The models closely match stochastic control no-transaction bands.
Both frameworks reveal non-linearity in option prices under transaction costs.
Abstract
This paper studies the problem of hedging and pricing a European call option under proportional transaction costs, from two complementary perspectives. We first derive the optimal hedging strategy under CARA utility, following the stochastic control framework of Davis et al. (1993), characterising the no-transaction band via the Hamilton-Jacobi-Bellman Quasi-Variational Inequality (HJBQVI) and the Whalley-Wilmott asymptotic approximation.
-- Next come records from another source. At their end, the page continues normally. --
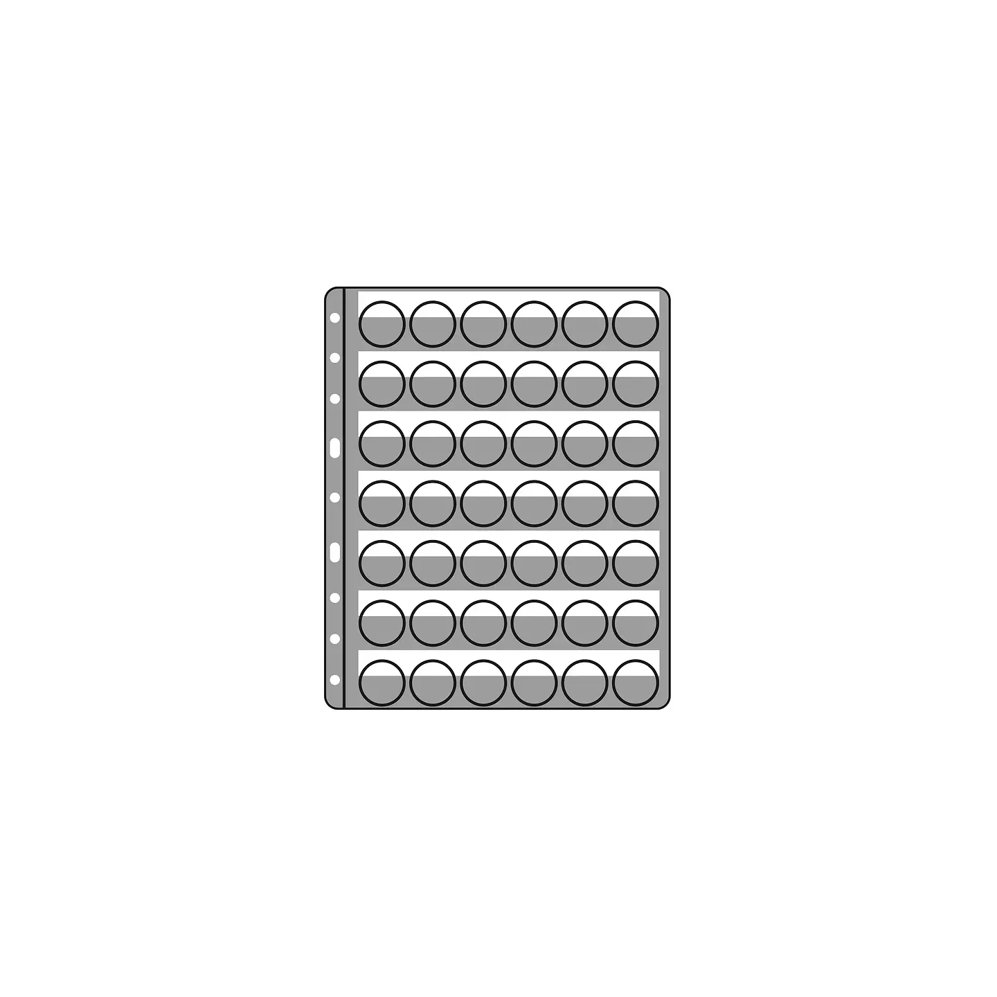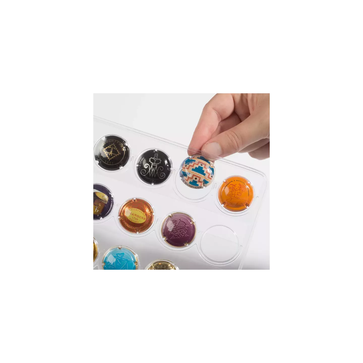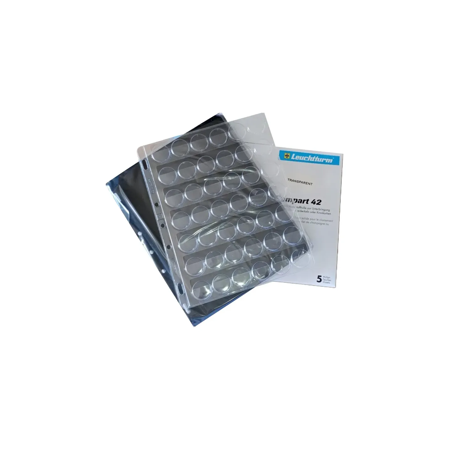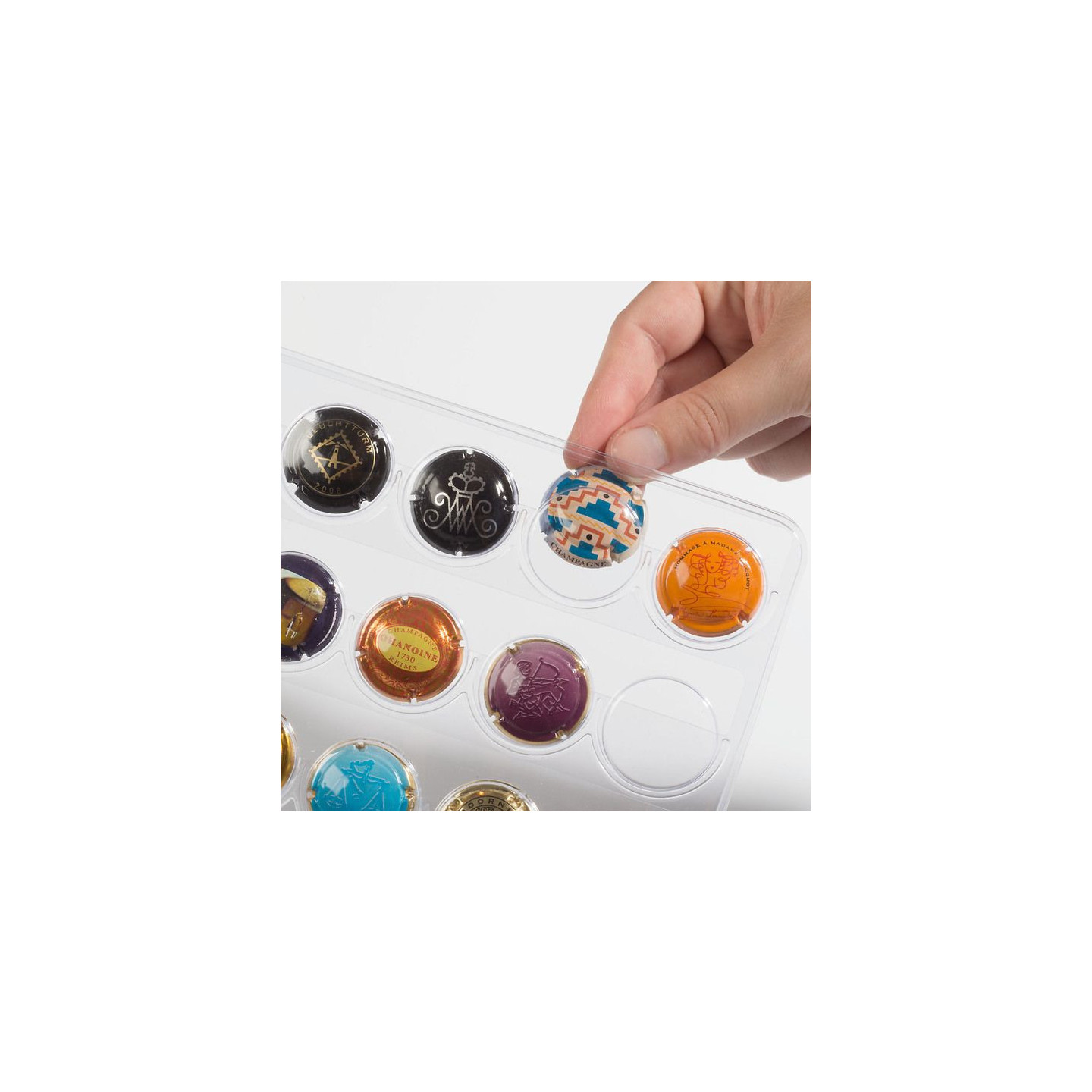 5 hojas de plástico transparente COMPART 42, cada una con capacidad para 42 chapas de champán o de botellas. Fácil de usar: simplemente deslice las chapas de champán o de botellas en los compartimentos desde atrás. Incluye 5 hojas negras intermedias para proteger su colección. Aptas para usar con todas las carpetas GRANDE. Tamaño total: 240 x 296 mm (9 1/2 x 11 5/8").
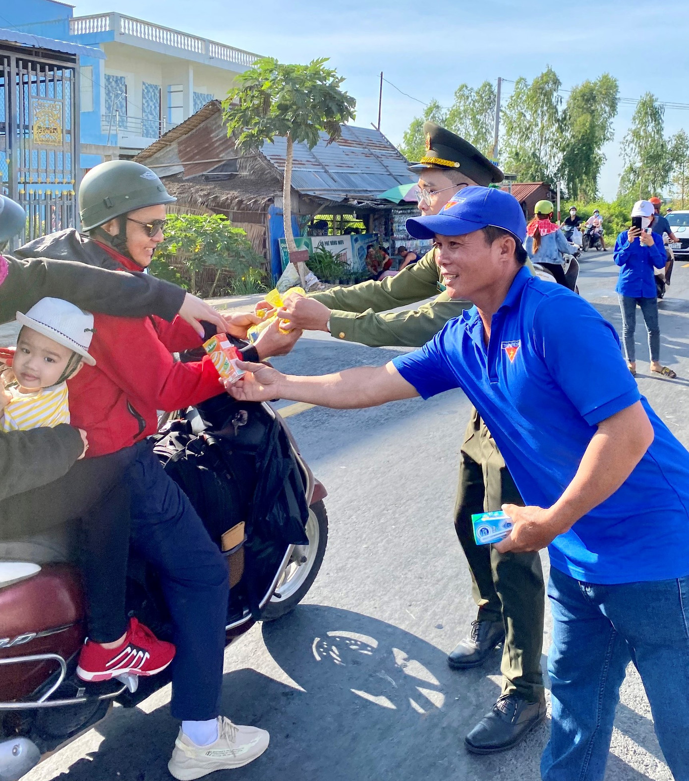 | Đại úy Trần Lê Anh Tuấn, Bí thư Đoàn Thanh niên Công an tỉnh Đồng Tháp cho biết, hưởng ứng các hoạt động xuân tình nguyện 2023, công an tỉnh triển khai hoạt động nhằm chia sẻ, giúp bà con trên đường về quê đón tết uống khăn lạnh, mì gói... đỡ vất vả và hạn chế mệt mỏi. |
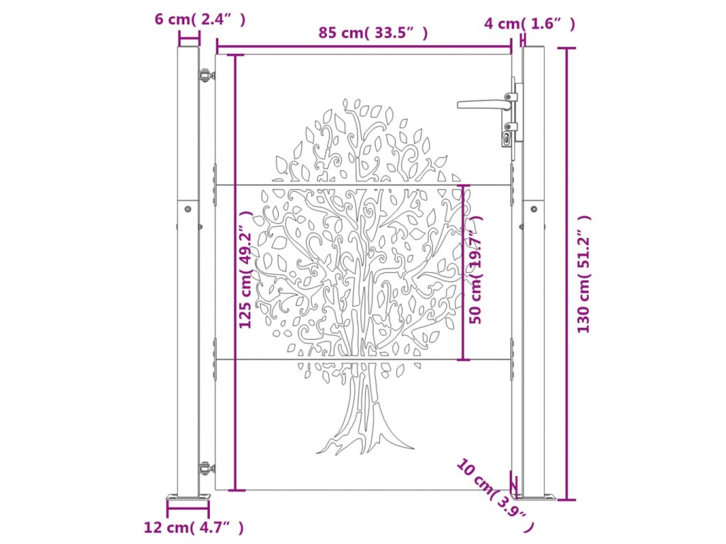 - Materiál s dlouhou životností: Kovová branka je vyrobená z cortenové oceli. Cortenová ocel, také známá jako povětrnostně odolná ocel. Je ze své podstaty antikorozní. Při prvním vystavení atmosférickým podmínkám se na ní vytvoří rezavá ochranná vrstva proti korozi. Nemusíte ji tedy natírat. Tím ušetříte náklady na údržbu a opravy. Výrazný hnědý odstín cortenové oceli jistě upoutá pozornost. Povětrnostně odolná ocel je výjimečně odolná a obstojí ve zkoušce času.

We then adopt a deep hedging approach, proposing two architectures that build on the No-Transaction Band Network of Imaki et al. (2023): NTBN-Delta, which makes delta-centring explicit, and WW-NTBN, which incorporates the Whalley-Wilmott formula as a structural prior on the bandwidth and replaces the hard clamp with a differentiable soft clamp. Numerical experiments show that WW-NTBN converges faster, matches the stochastic control no-transaction bands…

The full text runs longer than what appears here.